Why not make some serious attempts to refine and clarify our systems for today’s realities?
Only those currently benefitting from its flaws and loopholes will be opposed.
That’s the easy way to recognize them.
Regulate or subsidize.
Consequences
Everything has a shadow, and there will be unintended consequences of these proposed changes.
They are inevitable.
However, in assessing them, let’s take some stock of the benefits they might afford us, so that we can weigh the two in some accurate balance.
Non-profit news supported by the general public should broaden the scope and depth of critical information and policies that may not be easily marketable.
The general public may not be too interested in the extent of Chinese investment in Africa and India, but if they were fully informed of the consequences, they might better understand the reasoning behind our foreign aid and support American efforts to balance Chinese spending with our own.

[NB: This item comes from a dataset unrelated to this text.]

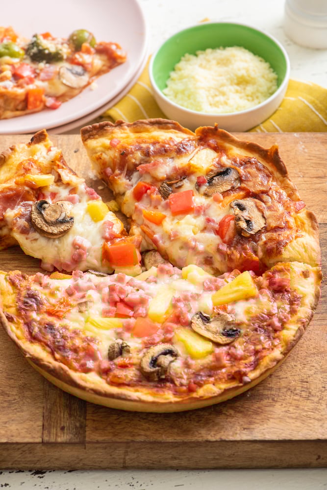 I think the reason our family is so pizza obsessed is because it’s such a customizable dish. We can make one with only vegetarian toppings for Kenya or with dairy-free cheese for Gemma, and maybe a meat lovers for Chloe. It’s always a win-win with everyone leaving the dinner table fully satisfied. It’s a great recipe to get kids involved in the kitchen too, which I’m always a big fan of.

Public funding of elections could shift the focus of elected officials from their richest donors to actual service of their constituents.
It would free them of the onerous burden of everyday fundraising and enforced obsequiousness to the demands of America’s wealthiest citizens.

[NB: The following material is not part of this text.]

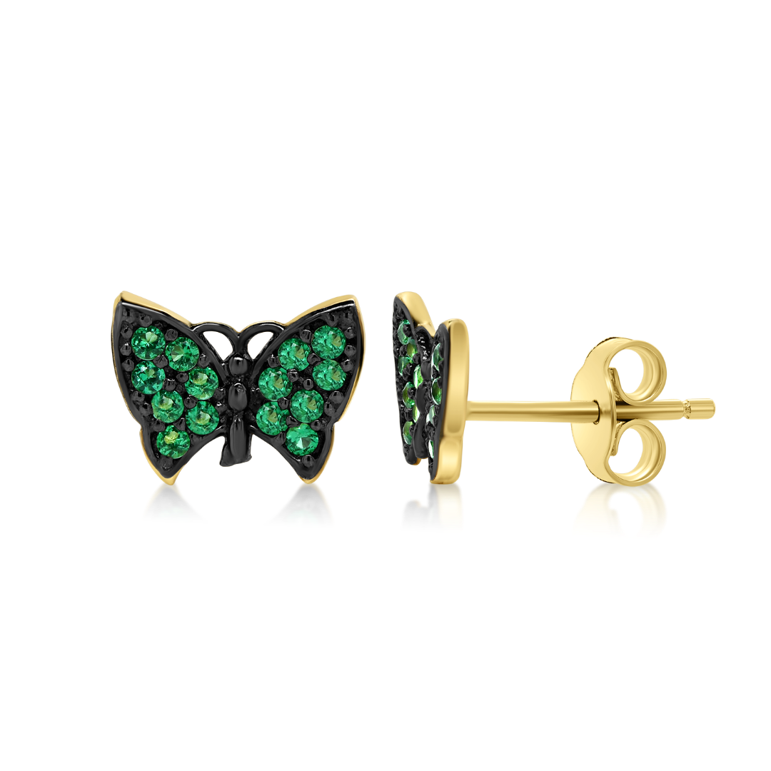 Cercei în formă de fluture din aur galben de 14K, cu pietre Cubic Zirconia verzi și rodiu negru.

Lowering the eligibility limits for elections would broaden the field from which minds and voices might be drafted, offering voters a larger spectrum than the currently stultifying Democratic-Republican cultural split between two pro-corporate parties.
The end of Gerrymandering might begin the process of consolidation and healing of extreme vitriol in political dialogue.
When candidates are forced to compromise to attract the widest spectrum of voters in open districts, the results will be less partisan and ideological.
It is only within a field with very narrow differences, that candidates must be excessively dramatic and judgmental to distinguish themselves.
Finally, prohibiting corporations from spending their tax-advantaged treasure to alter public policy for the benefit of their shareholders would level the playing field between massed corporate power and the voters.
If the corporations are not securing Congressmen and Senators as their personal vassals, candidates will remain freer to determine and support policies which actually help the majority of their constituents.
Failing core changes like these, I perceive little chance of any consequential change for the better in our public life.
Such changes will have to be fueled by public demand, since I cannot imagine a scenario where the political class will voluntarily remove its snout from the feeding troughs.
Harsh yes, but true.
It would not be difficult to print online petitions and make them widely available to citizens to distribute at supermarkets, high-school sports events, rotary clubs, etc., vowing support for candidates who would agree to such changes as those suggested above and pledging opposition (and higher campaign costs) to those who refuse.
It is difficult to ignore a petition with 100,000 names on it when you are considering your next run for office.
Such a campaign could be organized locally by local people addressing their elected officials.
It does not require huge centralized fundraising efforts or national campaigns.
I offer this piece as a starter kit for dialogue.
Greater minds than my own will have to handle the nuances and the unforeseen consequences, but even an ordinary mind can perceive the core overlooked and unmentioned problems currently assailing us.
If you don’t like my ideas and solutions, what are your own?